Мое дело было какое? Мне собак привезли, я должен их два раза в день кормить. Им откуда-то, с бойни, верно, кости привозили. Надо, значит, было так распорядиться, чтобы к вечеру все чисто было: где надо, чтобы соломка была, где надо - песочек посыпан, подручный у меня был, он-то все это и делал, я только следил за порядком. Так, какой-то курносенький и рыжий, и не рыжий даже, а просто бесцветный, черт его поймет, что за человек. Жену бы я ему свою доверил, а вот комнату - ни за что! Обязательно либо посуду перебьет, либо пожару понаделает. Ну, однако, ничего, с делом справлялся. Только понукать его нужно было, да иной раз метет, метет, вдруг остановится, глаза выпучит, да так и стоит, с открытым ртом. Крикнешь ему:
"Станислав, Станислав!" (его Станиславом звали).
"А?"
"Что ж ты стоишь, как столб?"
"А?"
"Почему не метешь-то?"
"А?"
Подойдешь, толкнешь его легонько в плечо - тут он покачнется, вздохнет, посмотрит на тебя да как начнет метлой шаркать! Потом его спросишь:
"Что с тобой было, Станислав?"
"А ничего!"
"Что ж ты стоял?"
'Так, задумался".
"О чем же задумался?"
"Да так, ни о чем".
"Да разве можно ни о чем не думать? Думают о чем-нибудь".

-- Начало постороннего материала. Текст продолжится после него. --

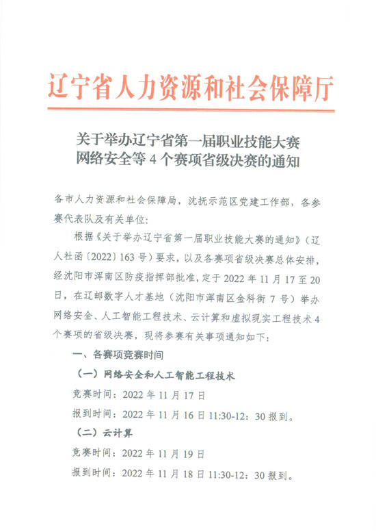 关于举办辽宁省第一届职业技能大赛网络安全等4个赛项省级决赛的通知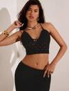 Opulessa 2 件女士海滩度假串珠装饰露背上衣和合身美人鱼裙套装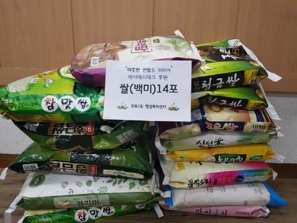 ㈜케이에스테크는 지난 5일 정왕2동 행정복지센터를 통해 백미 14포를 전달했다.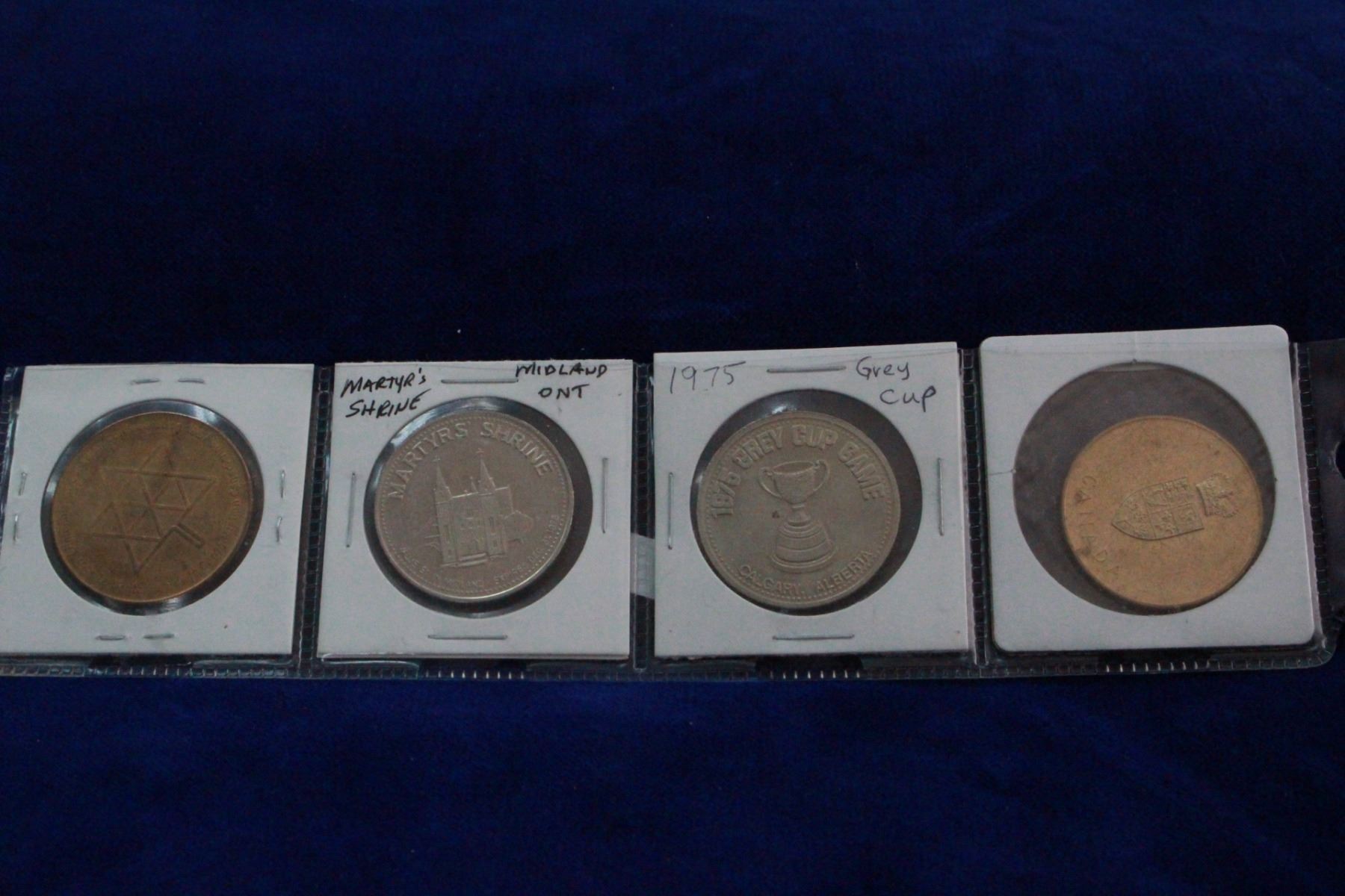 1967 Bronze Confederation; 1975 Calgary Centennial; 1978 Midland Ont. Centennial Dollar & 1967 TomBoy Store Token)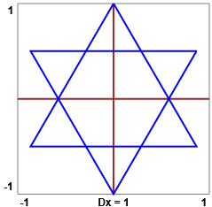Come è ottenibile la figura con questo script, come unione di due triangoli equilateri (ovvero, poligoni regolari di 3 lati), uno con un vertice nella direzione di 90°, l'altro con un vertice nella direzione di (90+180)°: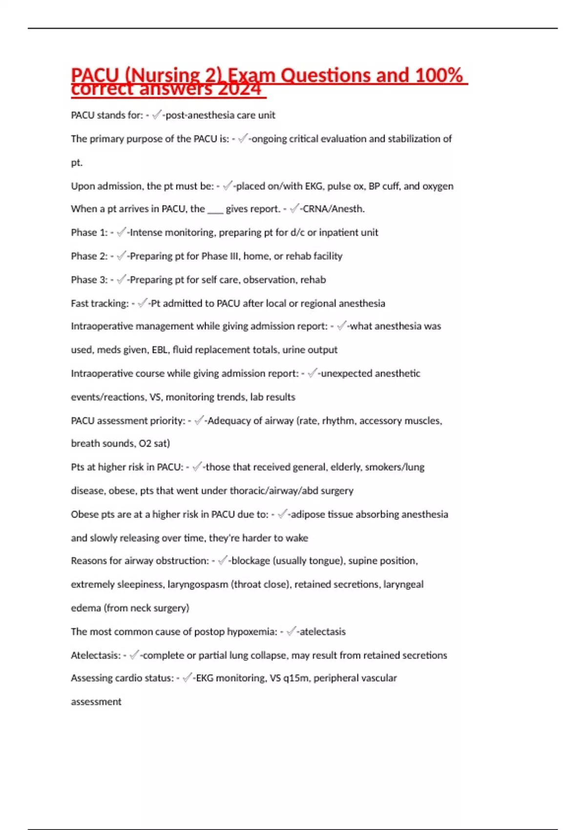 PACU (Nursing 2) Exam Questions and 100% correct answers 2024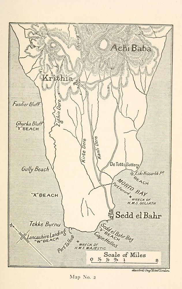 Those who look at the southwestern end of the Peninsula, between Cape Suvla and Cape Helles, will see three heights greater than the rolling wold or downland around them. Seven miles southeast from Cape Suvla is the great and beautiful peaked hill of Sari Bair, 970 feet high, very steep on its sea side and thickly fleeced with scrub. This hill commands the landing place at Suvla. Seven miles south from Sari Bair is the long dominating plateau of Kilid Bahr, which runs inland from the Straits, at heights varying between five and seven hundred feet, to within two miles of the sea. This plateau commands the Narrows of the Hellespont. Five miles further to the southwest and less than six miles from Cape Helles is the bare and lonely lump of Achi Baba, 590 feet high. This hill commands the {9} landing place at Cape Helles. These hills and the ground commanded by them were the scenes of some of the noblest heroism which ever went far to atone for the infamy of war. Here the efforts of our men were made.

"Нет, я всегда ни о чем не думаю".
Так и до сих пор не пойму, что он за человек был. Тут же, в собачнике, и кровать его стояла. Когда делать нечего, сидит он и песни поет. Вообразите обстановку! Собаки лают, грызутся, по клеткам бегают. Я полдня там побуду - у меня голова во какая станет, - Курт руками показал, какая у него делается голова, - а он целые сутки там, и ничего. В десять часов вечера я делаю последний обход. Собаки все накормлены, пол, смотрю, чистый, можно спать идти. Так прослужил я неделю и никого не видел.